As part of Harvey Whitehouse’s ERC Advanced Grant, researchers in the Centre for the Study of Social Cohesion (CSSC) continued to investigate the causes of violent extremism in the Middle East, Europe, and SE Asia, including a series of surveys designed with researchers in Indonesia working with fundamentalist religious groups and convicted terrorists in Javanese prisons.
In ongoing efforts to engage with politicians, NGOs, and policy specialists tackling intergroup violence, Whitehouse participated in a wide range of events including the European Business Summit in Brussels, Cumberland Lodge in Windsor Great Park, and meetings in the UK and India co-organized by Oxford’s Centre for the Resolution of Intractable conflict. This target article on the causes of extreme self-sacrifice (including suicide bombing) in Behavioural and Brain Sciences attracted 30 commentaries scheduled for publication over the summer.
CSSC researchers also continued to study morality and religion cross-culturally as part of a large project led by Harvey Whitehouse and Jonathan Jong, funded by the Templeton World Charity Foundation. The project is collecting data on the relationship between religious and moral intuitions all around the world, in collaboration with local researchers. In this paper forthcoming in Current Anthropology, project researcher Oliver Curry heads up a study testing the theory of morality-as-cooperation in 60 societies based on statistical analysis of ethnographic reports.
Meanwhile, two other researchers on this project, Yo Nakawake and Emily Burdett, are investigating why shamans, priests, and other religious and magical practitioners are often accorded moral or political authority in their societies. Do we have an innate bias to associate magical and moral and political power? They are investigating that possibility in studies with preverbal infants and young children and analysis of fairy tales cross-culturally.
Yo Nakawake and Emily Burdett have also been exploring moral and magical motifs in world folktales. In folktales, moral and supernatural motifs often appear in the plot. For example, Cinderella was bullied by her stepmother and sisters, but with magical assistance she finally escaped from misery and obtained happiness. This magical story fits well with our moral intuition that the person in misery should be cared for. Some scholars have suggested that there is a meaningful association between supernatural and moral motifs, since reality does not always follow our moral intuitions; therefore these unrealistic stories are created as the counter-part of reality, thus enabling our moral intuitions to be fulfilled (Jolles, 1930/1958, Zipes, 2012). We are investigating this hypothesis by means of a statistical analysis of folktales sampled from various regions (e.g. Europe, Africa, East Asia, Pacific Islands, North and South America).
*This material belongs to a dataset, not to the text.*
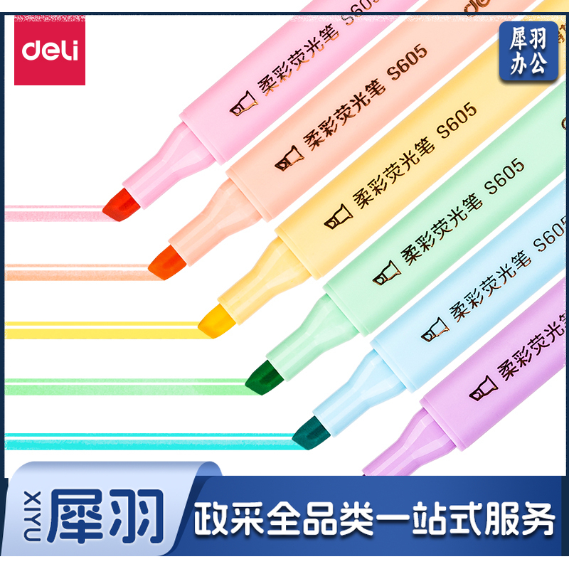 得力(deli)6色柔彩荧光笔套装 醒目标记笔 手帐可用水性记号笔6支/盒 S605

Tobiume is the legendry Japanese apricot tree located in Daizifu Tenmagu (Shinto shrine). According to legend, the tree flew from Kyoto and landed here, since the tree missed the master who was exiled from Kyoto to Dazaifu and decided to follow him. This tree is an example of supernatural/counterintuitive motifs appearing in religious myth or legends violating our intuition (Physicality: the tree flew against gravity; Mentality: the emotional tree moved by itself). This myth also contains a moral element, “respecting authority”, assumed to be one of the moral pillars acquired thorough the evolutionary process.
As part of the Templeton World Charity Foundation on Cognitive and Cultural Foundations of Religion and Morality, researchers including Aitana Willard have collected a multi-religious sample from Singapore to compare how karma-based and non-karma-based religions think about rewards and punishments in the afterlife and next life. The team has started some ethnographic research on a sample of Roma in the Czech Republic with the eventual aim to run economic game experiments comparing how people trust and cooperate with people who practise religion and magic from within and outside of the Roma community.